В начале августа в городе начали продавать грибы. Их продавали возле магазинов, разложив кучками на расстеленных газетах, — белые, подосиновики, подберезовики с черными, плотными шляпками — здесь их звали обабками. У Силина защемило сердце, когда он увидел эти грибы. Он не ходил в лес с детства. Те леса, которые он видел последние годы, были наполнены не грибами, а табличками, оставленными саперами: «Мины». К черту, решил он. В первый же выходной поеду за грибами. Он зашел в отдел главного механика — там уже несколько дней работала Кира, — вызвал ее в коридор и предложил смотаться в Громыхаловский лес.

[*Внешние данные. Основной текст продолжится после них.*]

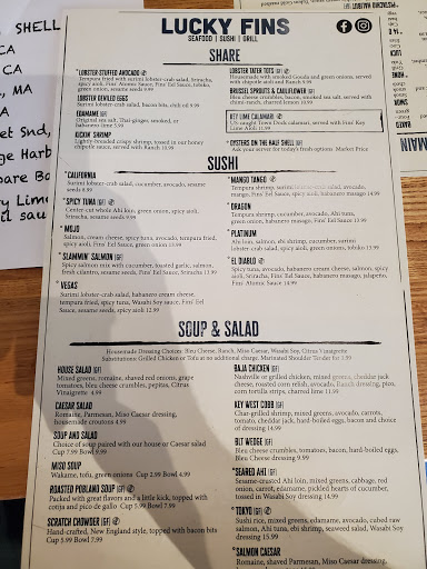 I love this place! They have fresh seafood which is very rare, the sushi rolls are phenomenal, seafood mac & cheese, both salmons are delicious, clam chowder, blondie martini, and my list goes on forever. The chef is amazing and creative which isnt something you see very often. I wish we had more restaurants that were not mass chains. The waiters/watresses are very friendly and I love the (my kids love the) open flame fireplace. Also the art is beautiful and they have jellyfish lights. By far my favorite place!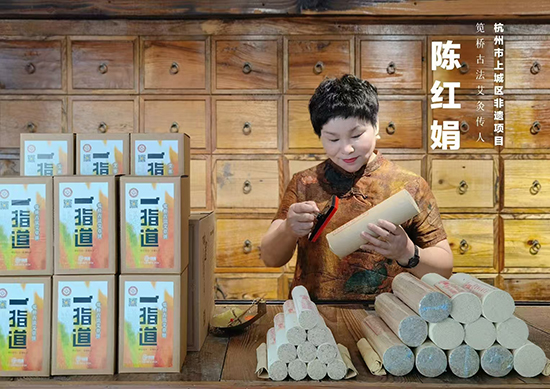 她勤修內功,加快推進古法艾灸的創(chuàng)新發(fā)展,有意識地進行傳統(tǒng)醫(yī)藥知識產權的保護。筧橋古法艾灸項目以祖?zhèn)靼瑮l配方、百字銘文、扶陽固本“四部灸法”和特色專用灸具為主要特色其中秘制大艾條是核心技藝的重要載體,成為筧橋古法艾灸的立足之本。陳紅娟懷著“抱元守一的思想(“元”指古法艾灸,“一”則是仁愛之道),經過多年的專業(yè)學習,為大眾的養(yǎng)生之道研究新的路徑,目前已全面掌握 5 根大艾條的配方、古法制作技藝和辨證施治要領,并在祖?zhèn)鞣鲫柟瘫?ldquo;四部灸法”的基礎上,針對人體不同部位的經絡走勢,不斷拓展灸法的實踐?,F(xiàn)研發(fā)推出的主要產品有:扶陽大艾條、至尊灸條、寶寶艾、防疫細艾、貴妃灸條等,并已成功申報注冊商標“筧橋古法”“一指道”“杭十八”“南宋御艾”和“宋韻江南”;針對艾灸操作費力費時、過量艾煙污染環(huán)境關鍵技術設備落后等問題,進行針對性的技術攻關成功研制并申請實用新型專利“定點回旋灸”和外觀設計專利“艾灸儀”;拓展衍生產品艾草膏、艾草浴包、艾尖茶、艾草暖貼、艾草枕、艾草香品等若干??紤]“五根大艾條”之一的“扶陽灸”(又名“扶陽固本灸”)已面世10年,各項技術要領和實操經驗均已成熟,她擴大研發(fā)團隊,建全禪城保護檔案,保護祖?zhèn)髋浞?,重啟剩余四根大艾條“駐世灸”“調神灸”“痿蹙灸”“通體灸”的復活工作。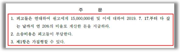 [법원의 판단]법원은, 원고가 피고2의 연대보증 아래 피고1에게 1,500만 원을 월 3%의 이율로 대여한 사실을 인정할 수 있으므로 피고들은 원고에게 15,000,000원과 이에 대한 지연손해금을 지급할 의무가 있다는 원고 승소판결을 내리고, 소송비용은 패소한 피고들이 부담하라는 판결을 선고 하였습니다.
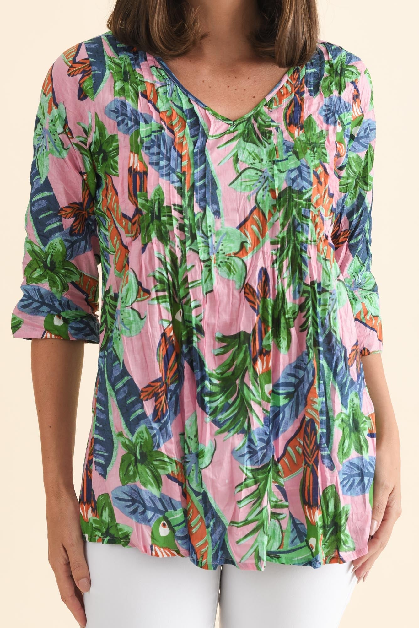 FIA PINK TROPICAL SLEEVED CRINKLE COTTON TOP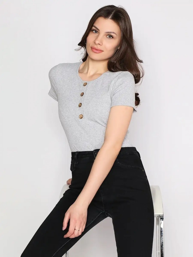 Базовое боди с коротким рукавом и пуговицами из качественного материала кашкорсе станет самой любимой вещью вашего гардероба! Кашкорсе – это разновидность эластичного трикотажа в рубчик, в составе хлопок и лайкра, что позволяет одновременно пропускать воздух и впитывать влагу, а также быть износостойкой, прочной и отлично держать форму. Декоративные пуговицы отлично дополняют боди. Трикотажная блузка сочетается с брюками, джинсами и юбками. Приталенный крой подчеркнет фигуру, подходит невысоким и высоким девушкам. Классическое боди подойдет для использования дома или спорте и танцах, для офиса или просто в путешествиях. Вы можете создать любой образ под свое настроение и любую погоду. Однотонное боди мягкое на ощупь и приятно прилегает к телу. Кофта подойдёт для создания как нарядных, так и вечерних образов. Такой look замечателен на Новый год или для фотосессии. Широкий размерный ряд позволяет удовлетворить потребности женщин любой комплектации. Внизу боди крепится на крючки, что максимально удобно и комфортно при носке. Для Вас несколько цветов на выбор.

— У тебя найдется лишняя корзинка?
— Конечно, найдется.
— Тогда с утра на вокзале.
Он подумал: обрадовалась Кира или не обрадовалась, что завтра они поедут в лес? Она была спокойна, вот и все.
В тот утренний час в вагоне было немного народу. Ехали в основном грибники да ягодники. Напротив Киры и Силина сел пожилой мужчина в гимнастерке со споротыми погонами и тремя желтыми нашивками за ранения. Свое ружье он повесил на крюк, вещмешок закинул на полку и вышел покурить в тамбур. Силин тоже достал папиросы.
— Ты посиди, я сейчас.
Он стоял в тамбуре. Пригородный поезд тащился медленно, он прикинул — до Громыхалова придется ехать минут сорок, не меньше.
— Где воевал, парень?
— На Третьем Украинском.
— Нет, — качнул головой тот. — Я на Втором Белорусском. Солдат?
— Старший лейтенант.
— Ого! — сказал тот. — Скажи на милость! А я вот до сорока дожил, и всего-навсего сержант.
— Бывает, — хмыкнул Силин.
— А ты уже семьей успел обзавестись? — кивнул на дверь вагона сержант. — Красивая у тебя жена.
Силин не ответил — пусть думает, что жена. Ему было даже приятно, что он так думает. Сержант оказался человеком разговорчивым. Еще до того, как они вернулись, Силин узнал, что семьи у него нет — погибла, и что устроился сержант на торговую базу, потому как у базы есть жилье, и что его уже обхаживают две бабенки — одна кладовщица и одна бухгалтерша, обе вдовые — так ведь это понятно…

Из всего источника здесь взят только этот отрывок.